Yazar 15:40 Hikaye 105

ÇAYI KOYDUĞUM ZAMAN ATEŞİ KISMALIYDIM

Akışında olması lazımdı her şeyin. Sonrasını görmeliydik akışının . Ne denli etki edeceğini…

Vakitlerden bir kış gecesiydi. Penceremin önünde havada kavga eden kar tanelerini seyretmeye dalmıştım. Gecenin karanlığı öyle derindi ki sokaktaki her nesneyi kafesine davet eder gibiydi. İzlemekten bir hayli keyif almıştım. Sonra düşüncelere daldım.

“Keşke uçma sırası bende olsaydı”,dedim kendi kendime. “Neden her güne yeni bir yaşam koyamıyordum ?”,diye kendime içerlendim. Arada böyle kendi kendimle konuşurdum. Ama uzun sürmezdi etkisi. Kendimi düşüncelerden arınmış bulduğumda hemen mutfağa doğru hızlı adımlarla ilerleyip çay koydum. Hızlı kaynaması için ocağı yüksek ateşte bıraktım. Mutlu bir hevesle kar tanelerinin savaşı canlandı gözümün önünde. Hemen bu anla ölümsüzleşen düşüncelerimi ekledim.

Ne de güzeldi zihnin oyununa galip gelmek. Tüm bedenimin yükü hafifledi,tutkularım zaman aşımına uğradı. Gerçekte kazanılmayan bazı oyunlar,doğruluk yönünde ilerleyip galip geldi. Bunların mutlu bir hissiyatını yaşarken,elektrik kesildi ve her yer karanlığa gömüldü. Az önce izlediğim gece manzarasındaki gibiydi. Mum almak için mutfağa doğru gitmeye koyuldum. İşte o vakit her yer yangın yerine dönüşecekti…

Birisi önce kollarımdan tutup,olabildiğince de ağzımı kapattı. Haykırmak istiyordum. Elime bir şey gelmeyince,boyun eğmek zorunda kaldım. Hırsız tehditkar bir tavırla konuşmaya başladı.

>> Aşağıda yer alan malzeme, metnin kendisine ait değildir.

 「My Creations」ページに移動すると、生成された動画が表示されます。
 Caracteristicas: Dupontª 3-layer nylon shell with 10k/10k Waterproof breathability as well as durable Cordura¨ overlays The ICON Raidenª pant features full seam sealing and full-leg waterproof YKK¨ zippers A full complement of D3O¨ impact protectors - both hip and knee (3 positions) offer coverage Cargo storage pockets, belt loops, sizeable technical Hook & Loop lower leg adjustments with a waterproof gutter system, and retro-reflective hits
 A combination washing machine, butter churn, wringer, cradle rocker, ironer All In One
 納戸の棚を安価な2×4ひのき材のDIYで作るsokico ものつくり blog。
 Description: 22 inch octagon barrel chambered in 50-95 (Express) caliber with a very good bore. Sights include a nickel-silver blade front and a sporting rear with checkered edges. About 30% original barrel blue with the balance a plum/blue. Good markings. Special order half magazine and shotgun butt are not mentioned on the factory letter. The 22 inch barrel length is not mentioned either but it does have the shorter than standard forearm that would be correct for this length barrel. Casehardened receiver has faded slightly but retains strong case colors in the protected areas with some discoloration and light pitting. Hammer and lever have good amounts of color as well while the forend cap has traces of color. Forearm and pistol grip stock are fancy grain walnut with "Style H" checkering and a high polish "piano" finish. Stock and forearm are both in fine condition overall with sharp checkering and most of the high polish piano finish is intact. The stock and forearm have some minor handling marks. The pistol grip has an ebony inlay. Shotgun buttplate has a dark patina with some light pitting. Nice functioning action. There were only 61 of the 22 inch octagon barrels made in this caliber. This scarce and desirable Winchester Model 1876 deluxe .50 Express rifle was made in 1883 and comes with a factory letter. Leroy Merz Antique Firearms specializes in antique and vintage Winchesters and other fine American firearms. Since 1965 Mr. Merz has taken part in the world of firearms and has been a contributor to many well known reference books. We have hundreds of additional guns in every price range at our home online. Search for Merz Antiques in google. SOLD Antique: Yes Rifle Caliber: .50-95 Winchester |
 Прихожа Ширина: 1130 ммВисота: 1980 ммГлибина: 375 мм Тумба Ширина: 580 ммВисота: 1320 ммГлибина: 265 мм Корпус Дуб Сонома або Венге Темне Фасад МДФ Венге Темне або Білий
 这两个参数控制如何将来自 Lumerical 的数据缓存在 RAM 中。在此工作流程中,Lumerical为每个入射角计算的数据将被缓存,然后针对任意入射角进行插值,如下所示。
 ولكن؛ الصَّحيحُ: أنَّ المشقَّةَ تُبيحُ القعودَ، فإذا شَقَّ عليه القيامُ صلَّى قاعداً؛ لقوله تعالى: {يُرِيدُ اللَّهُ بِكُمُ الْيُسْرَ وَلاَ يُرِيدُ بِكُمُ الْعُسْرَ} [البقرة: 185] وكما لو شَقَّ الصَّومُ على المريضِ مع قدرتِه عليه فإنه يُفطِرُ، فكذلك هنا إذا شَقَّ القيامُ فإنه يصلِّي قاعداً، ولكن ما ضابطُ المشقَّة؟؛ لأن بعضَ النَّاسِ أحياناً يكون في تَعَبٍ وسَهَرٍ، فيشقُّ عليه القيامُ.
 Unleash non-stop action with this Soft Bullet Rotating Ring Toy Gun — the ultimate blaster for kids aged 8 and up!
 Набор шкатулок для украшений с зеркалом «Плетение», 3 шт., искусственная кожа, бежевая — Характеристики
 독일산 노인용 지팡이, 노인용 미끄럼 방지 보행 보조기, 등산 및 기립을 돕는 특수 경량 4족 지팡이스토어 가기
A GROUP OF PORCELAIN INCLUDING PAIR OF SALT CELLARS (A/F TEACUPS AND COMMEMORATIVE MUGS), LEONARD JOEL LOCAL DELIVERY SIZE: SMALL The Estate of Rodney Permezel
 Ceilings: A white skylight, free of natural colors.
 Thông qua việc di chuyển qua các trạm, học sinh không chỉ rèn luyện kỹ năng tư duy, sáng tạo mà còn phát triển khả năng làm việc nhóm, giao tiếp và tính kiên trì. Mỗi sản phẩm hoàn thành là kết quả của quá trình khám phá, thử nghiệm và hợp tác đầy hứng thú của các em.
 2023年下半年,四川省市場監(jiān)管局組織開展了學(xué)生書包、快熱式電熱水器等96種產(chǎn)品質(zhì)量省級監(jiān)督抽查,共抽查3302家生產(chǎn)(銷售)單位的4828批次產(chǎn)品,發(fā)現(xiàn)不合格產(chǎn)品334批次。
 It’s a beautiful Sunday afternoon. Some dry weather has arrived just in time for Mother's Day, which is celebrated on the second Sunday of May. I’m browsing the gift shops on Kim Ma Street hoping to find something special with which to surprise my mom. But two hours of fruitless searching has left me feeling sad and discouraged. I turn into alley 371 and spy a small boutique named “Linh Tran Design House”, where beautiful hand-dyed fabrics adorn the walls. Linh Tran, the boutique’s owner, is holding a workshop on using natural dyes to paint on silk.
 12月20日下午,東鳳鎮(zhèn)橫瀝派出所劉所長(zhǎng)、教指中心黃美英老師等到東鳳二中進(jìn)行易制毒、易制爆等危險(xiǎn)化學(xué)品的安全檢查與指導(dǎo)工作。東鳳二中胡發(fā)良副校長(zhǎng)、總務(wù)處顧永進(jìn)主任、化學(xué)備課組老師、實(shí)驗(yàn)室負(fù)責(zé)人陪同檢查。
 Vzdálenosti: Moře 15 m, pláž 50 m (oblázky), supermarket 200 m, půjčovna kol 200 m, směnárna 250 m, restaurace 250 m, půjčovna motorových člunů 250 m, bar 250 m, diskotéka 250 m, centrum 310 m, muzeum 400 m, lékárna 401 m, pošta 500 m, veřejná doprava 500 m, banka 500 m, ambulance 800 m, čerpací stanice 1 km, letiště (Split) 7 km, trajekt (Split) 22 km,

“Zamanı geldi Meryem. Hiç bu kadar sessizleştin mi ? Tüm hastalarınla ilgilendiğin gibi ben de seninle ilgileneceğim şimdi. Merak etme canını acıtmayacağım sadece yavaş yavaş ölümü tattıracağım sana. Korkacak bir şey yok. Küçük,bilinmedik bir ölüm meselesi olacak. Ünlü psikiyatrist dün gece evinde ölü bulundu. Hem de kendi canına kıyarak. Ne de güzel bir haber olur,değil mi ?”

“Tüm bedenim hissizleşti. Kalp atışlarımın sesi bir ritim gibi her yere dağılmıştı. Zihnimdeki düşüncelerin tamamı korkuyla buharlaşmıştı. Nereye kaçacaktım ? Esirdim artık. Yardıma koşacak,el uzatacak kimse olmadı hayatımda. Şimdi bunu nasıl kendime söylemeye cüret edebilirdim ?”

Ellerim bağlı,gözümü bir mendille kapatmıştı. Bunlar az gelip konuşmamı engellemek için de ağzımı bir mendille kapatmıştı. Yolun sonu görülmüştü. Görünürde tek bir ışık yoktu . Ama bazen beklenmedik olayların patlak verdiği anlar vardı. Hayat bunu bana yakıştırmıştı. Tek değildim. Yaşamla beraberdim.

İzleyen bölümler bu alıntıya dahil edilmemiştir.